- **Work order**
Give the number of lines in the data that hold the word "this", and nothing else.

- **Given records**
== Segment start ==

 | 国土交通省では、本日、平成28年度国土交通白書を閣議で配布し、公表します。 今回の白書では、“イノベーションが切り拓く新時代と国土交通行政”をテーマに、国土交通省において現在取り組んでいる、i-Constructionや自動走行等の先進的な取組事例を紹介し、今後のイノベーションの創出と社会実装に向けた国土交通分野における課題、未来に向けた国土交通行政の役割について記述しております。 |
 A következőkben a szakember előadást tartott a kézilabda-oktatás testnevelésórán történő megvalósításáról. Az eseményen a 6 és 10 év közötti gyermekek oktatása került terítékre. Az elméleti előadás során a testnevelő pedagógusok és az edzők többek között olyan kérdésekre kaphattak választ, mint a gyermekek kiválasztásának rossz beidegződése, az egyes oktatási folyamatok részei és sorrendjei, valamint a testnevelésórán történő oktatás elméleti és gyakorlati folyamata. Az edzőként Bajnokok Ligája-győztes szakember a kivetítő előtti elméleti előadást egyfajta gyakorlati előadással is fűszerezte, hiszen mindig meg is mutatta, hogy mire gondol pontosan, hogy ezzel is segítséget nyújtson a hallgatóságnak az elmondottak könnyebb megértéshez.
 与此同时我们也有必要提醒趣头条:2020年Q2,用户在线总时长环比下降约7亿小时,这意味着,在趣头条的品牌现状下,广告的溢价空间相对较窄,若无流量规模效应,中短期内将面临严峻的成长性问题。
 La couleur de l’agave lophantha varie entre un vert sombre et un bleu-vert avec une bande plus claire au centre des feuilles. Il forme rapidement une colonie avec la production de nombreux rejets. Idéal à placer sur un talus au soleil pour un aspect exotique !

== Segment end ==
== Segment start ==

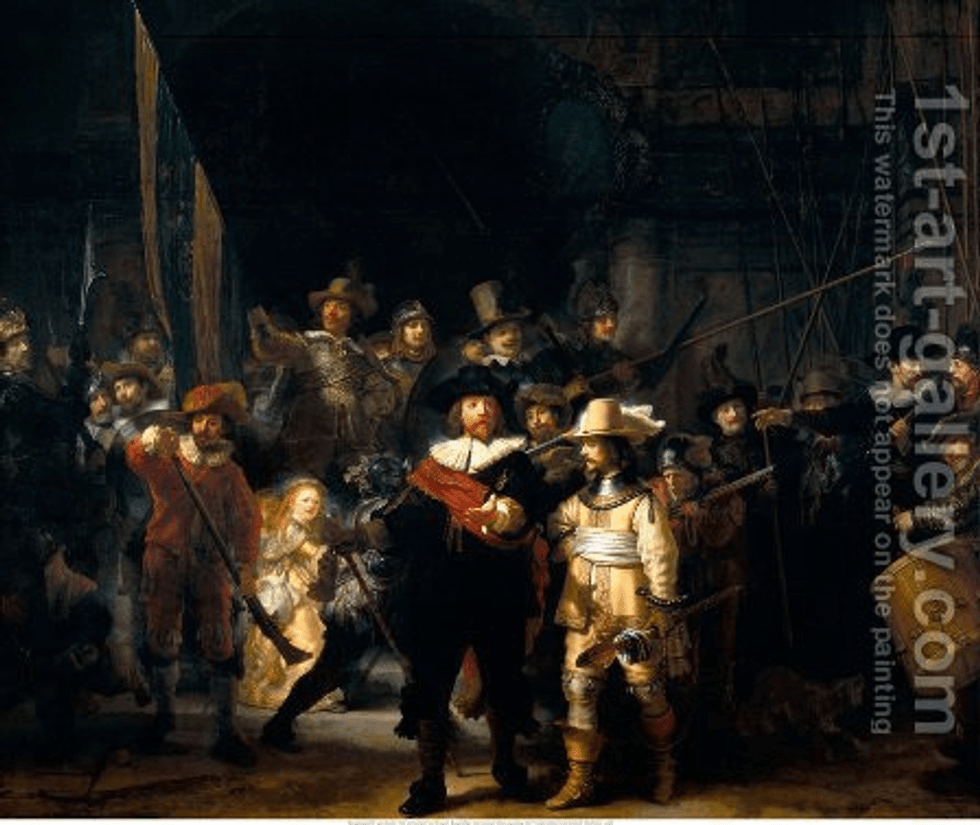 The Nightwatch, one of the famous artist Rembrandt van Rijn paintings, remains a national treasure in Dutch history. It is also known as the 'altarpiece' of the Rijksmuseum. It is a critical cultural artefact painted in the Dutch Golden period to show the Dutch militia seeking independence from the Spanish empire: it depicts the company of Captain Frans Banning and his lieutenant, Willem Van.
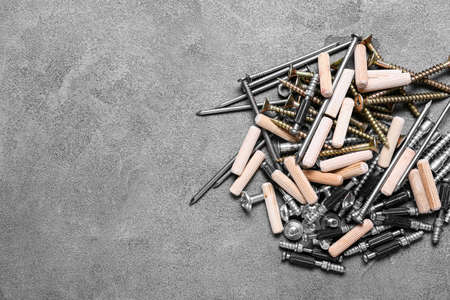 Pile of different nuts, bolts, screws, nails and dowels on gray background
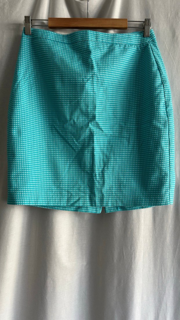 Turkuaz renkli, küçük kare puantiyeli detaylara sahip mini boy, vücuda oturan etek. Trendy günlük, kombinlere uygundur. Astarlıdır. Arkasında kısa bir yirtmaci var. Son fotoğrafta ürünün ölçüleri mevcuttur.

== Segment end ==
== Segment start ==

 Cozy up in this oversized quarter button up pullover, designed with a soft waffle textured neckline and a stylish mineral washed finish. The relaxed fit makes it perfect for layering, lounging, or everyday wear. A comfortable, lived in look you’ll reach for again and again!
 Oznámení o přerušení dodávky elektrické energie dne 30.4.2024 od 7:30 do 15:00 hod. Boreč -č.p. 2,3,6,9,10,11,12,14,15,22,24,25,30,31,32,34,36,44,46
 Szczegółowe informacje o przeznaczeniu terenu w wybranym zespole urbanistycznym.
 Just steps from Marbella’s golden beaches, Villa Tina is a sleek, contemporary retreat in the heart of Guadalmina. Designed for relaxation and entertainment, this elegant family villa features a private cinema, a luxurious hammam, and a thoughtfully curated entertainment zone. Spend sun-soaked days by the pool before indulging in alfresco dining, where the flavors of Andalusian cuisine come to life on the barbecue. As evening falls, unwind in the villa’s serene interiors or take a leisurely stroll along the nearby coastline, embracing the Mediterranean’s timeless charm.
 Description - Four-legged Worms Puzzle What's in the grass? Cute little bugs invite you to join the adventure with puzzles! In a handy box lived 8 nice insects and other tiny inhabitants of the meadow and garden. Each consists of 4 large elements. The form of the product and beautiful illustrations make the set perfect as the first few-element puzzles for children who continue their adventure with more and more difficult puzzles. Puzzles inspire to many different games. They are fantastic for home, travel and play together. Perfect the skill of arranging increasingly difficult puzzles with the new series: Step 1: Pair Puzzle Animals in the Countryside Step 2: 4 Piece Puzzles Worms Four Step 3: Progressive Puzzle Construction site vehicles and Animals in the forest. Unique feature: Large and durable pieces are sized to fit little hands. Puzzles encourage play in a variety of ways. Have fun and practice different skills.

== Segment end ==

- **Solution to the problem**
2